*SOURCE DATA*.

--- START ---

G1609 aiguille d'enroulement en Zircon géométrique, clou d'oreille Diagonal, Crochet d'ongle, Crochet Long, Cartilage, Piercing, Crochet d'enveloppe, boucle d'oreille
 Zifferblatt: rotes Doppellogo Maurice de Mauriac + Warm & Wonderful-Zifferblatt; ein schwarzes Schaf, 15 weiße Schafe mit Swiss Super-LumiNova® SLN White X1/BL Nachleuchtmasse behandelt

--- END ---
--- START ---

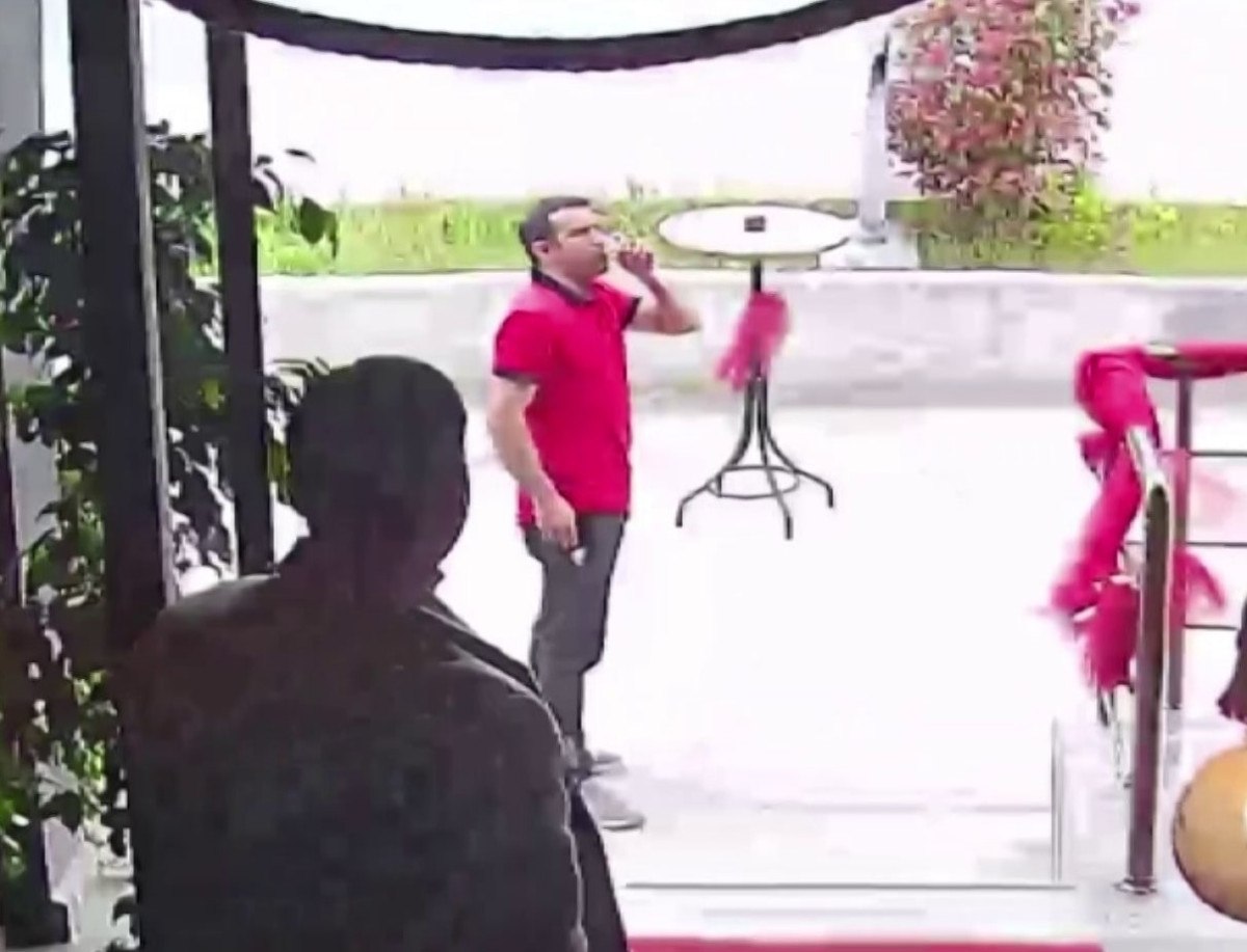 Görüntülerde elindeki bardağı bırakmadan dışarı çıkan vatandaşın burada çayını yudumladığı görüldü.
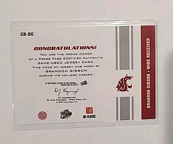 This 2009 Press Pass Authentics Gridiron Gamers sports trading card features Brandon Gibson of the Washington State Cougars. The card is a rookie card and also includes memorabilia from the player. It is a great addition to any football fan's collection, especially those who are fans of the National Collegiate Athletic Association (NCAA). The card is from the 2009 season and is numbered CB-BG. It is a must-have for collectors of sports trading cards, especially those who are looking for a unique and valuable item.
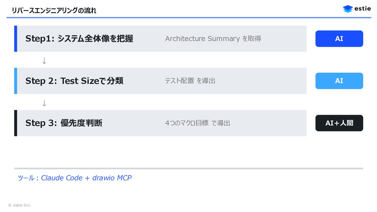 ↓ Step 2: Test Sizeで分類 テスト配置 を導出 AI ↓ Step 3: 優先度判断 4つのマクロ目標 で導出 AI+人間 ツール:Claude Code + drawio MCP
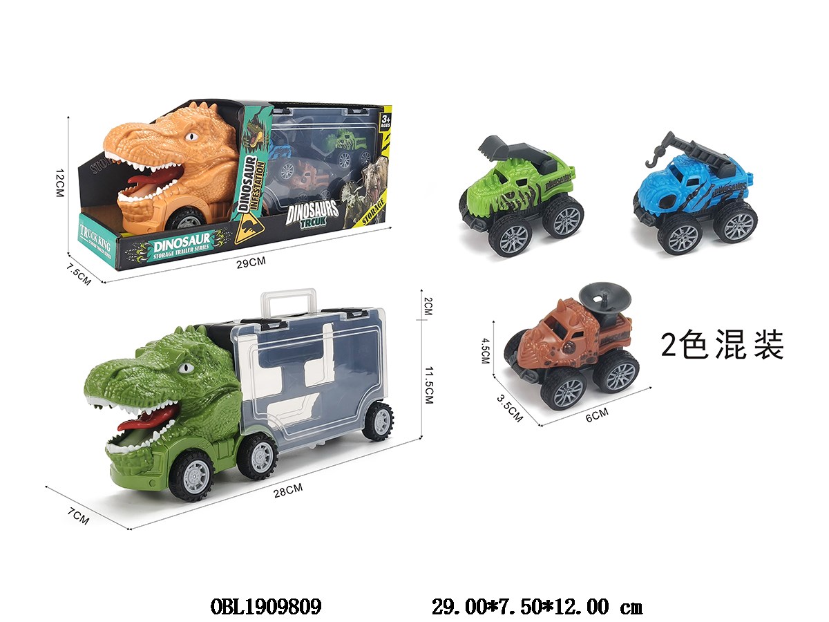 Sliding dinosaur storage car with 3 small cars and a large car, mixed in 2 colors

--- END ---

*WORK TO COMPLETE*. Above are the records; from them, give again exactly the lines from the one containing "G1609 aiguille d'enroulement" to the one containing "Zifferblatt: rotes Doppellogo", both lines included, and nothing more.

*RESULT*.
G1609 aiguille d'enroulement en Zircon géométrique, clou d'oreille Diagonal, Crochet d'ongle, Crochet Long, Cartilage, Piercing, Crochet d'enveloppe, boucle d'oreille
 Zifferblatt: rotes Doppellogo Maurice de Mauriac + Warm & Wonderful-Zifferblatt; ein schwarzes Schaf, 15 weiße Schafe mit Swiss Super-LumiNova® SLN White X1/BL Nachleuchtmasse behandelt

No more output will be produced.